The assessment will involve anyone who has dealings with your child writing a report on their view of their progress. This can be the pre-school teacher, a physiotherapist, a doctor and, most importantly yourself. Do read all the reports, and DO challenge them if you don’t think they accurately represent your child. You generally have only 15 days to receive, read and respond to each stage, so tempting as it is, don’t put it to the bottom of the admin pile with the gas bill!

The statement itself is split into six parts. The first gives general information about your child, ie their name, age and address. The second describes all of your child’s special educational needs as well as their strengths. It is here the reports from all those involved with your child sit. The third describes the special help the LEA thinks your child should get, what the long term aims are and how his or her progress will be recorded and monitored.  Read this carefully! We all know that county councils don’t have unlimited resources and perhaps I’m being a cynic, but they do need to keep one hand on the purse strings, and may well miss out something you perhaps think is vital. We must be realistic as parents but we must also push. The fourth part tells you which school your child will go to in order to get the help they receive. Remember, although it is not always spelled out clearly, you do have a right to express a preference. Part five includes any “non-educational needs”. This has been a tricky section for us. Our son requires a good deal of physio and occupational therapy as part of his school week and in the county we applied in, there seemed to be a bit of a tussle over whether the health authority or the council would fund this. The statement included the absolute bare minimum, we believe, because it had an eye on its balance sheet but we refused to endorse the statement on the advice of others, and it is being rewritten. Do not be afraid to return the statement. We felt there was a certain amount of pressure on us to accept it in order that the council could meet its required deadlines but they failed to take into account that I’m the nicest person in the world until it comes to the welfare of my boys! Part six outlines any help provided by other agencies such as health and social services in order to meet the “non-educational needs”.

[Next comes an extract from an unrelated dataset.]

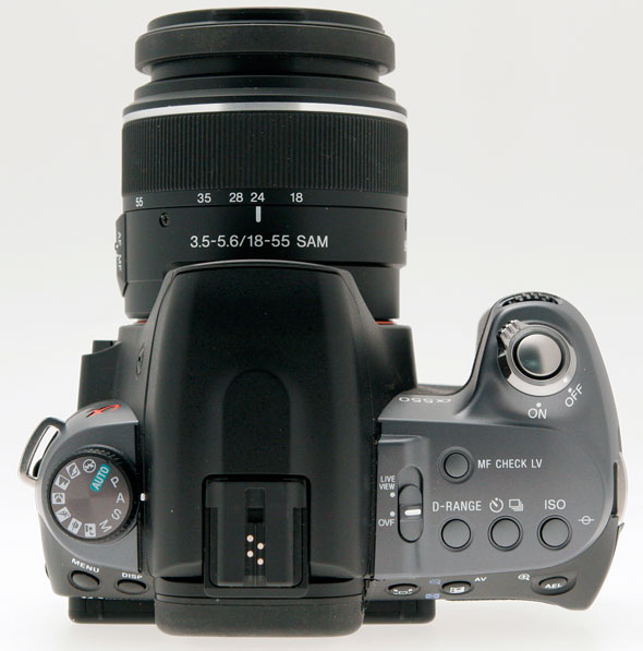 La parte superiore della fotocamera mette subito in luce una delle pecche che affligge il marchio Sony. Stiamo parlando della slitta flash di tipo proprietario, un limite che pregiudica le potenzialità della fotocamera. Di per sé avrebbe potuto essere una limitazione superabile, se Sony avesse deciso di integrare la presa Synchro. Purtroppo la Sony Alpha 550 ne è sprovvista. Al di sotto della slitta troviamo il flash integrato a scomparsa, mentre sulla spalla destra sono molti i pulsanti raccolti: qui troviamo il selettore che permette di passare dalla visualizzazione normale a live view, il pulsante di gestione dell'algoritmo D-Range, sequenza di scatto e sensibilità.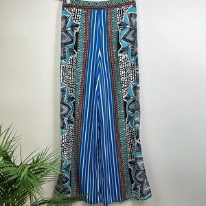 NWT Jealous Tomato Wide Leg High Waist Palazzo Pants Colorful Resort Tribal Medium Stripes Blue Black

It’s not a particularly stimulating or interesting process and it can be hard to hear things about your child that other people see and you, through your Mummy’s glasses, may not have noticed, but it is so important. You shouldn’t have to, but you end up acting as the go-between. You need to make sure everyone is meeting their deadlines for reports and are talking to each other. I believe this shouldn’t be the Mummy’s or Daddy’s job, but effectively it is, so be prepared for it. I’ve had to call some people with other people’s phone numbers and ask them to ring each other rather than keep calling me – infuriating but essential to keep everything moving. When you, your pre-school or the school asks the LEA to carry out an assessment the authority has six weeks to decide whether to do so. Mark this in your calendar and keep on top of it.  The whole thing should take around 26 weeks to complete – not the 18 months we are now up to!

A statement is a legal document and it is important to get it right for your child, but also for you. If you move house, you take it with you to a new school and a new education authority and it is the only point of reference they have. When the final statement is written, make sure it is right and make any comments you have on the form provided, within the time frames. If after everything is final, you still have issues and your named officer has not resolved them to your satisfaction, you have the right of appeal to the Special Educational Needs and Disability Tribunal (details in the factbox). Above all, keep smiling. I’m not being flippant. I’ve lost control a couple of times on the telephone to a “call centre operative” who has no clue about me, my child or the process, so I’m hardly one to be dishing out advice.

But think of me exploding when you’re along this road and smile. Seeing your child happy in the right school, learning and achieving makes all of it worth it. Believe me.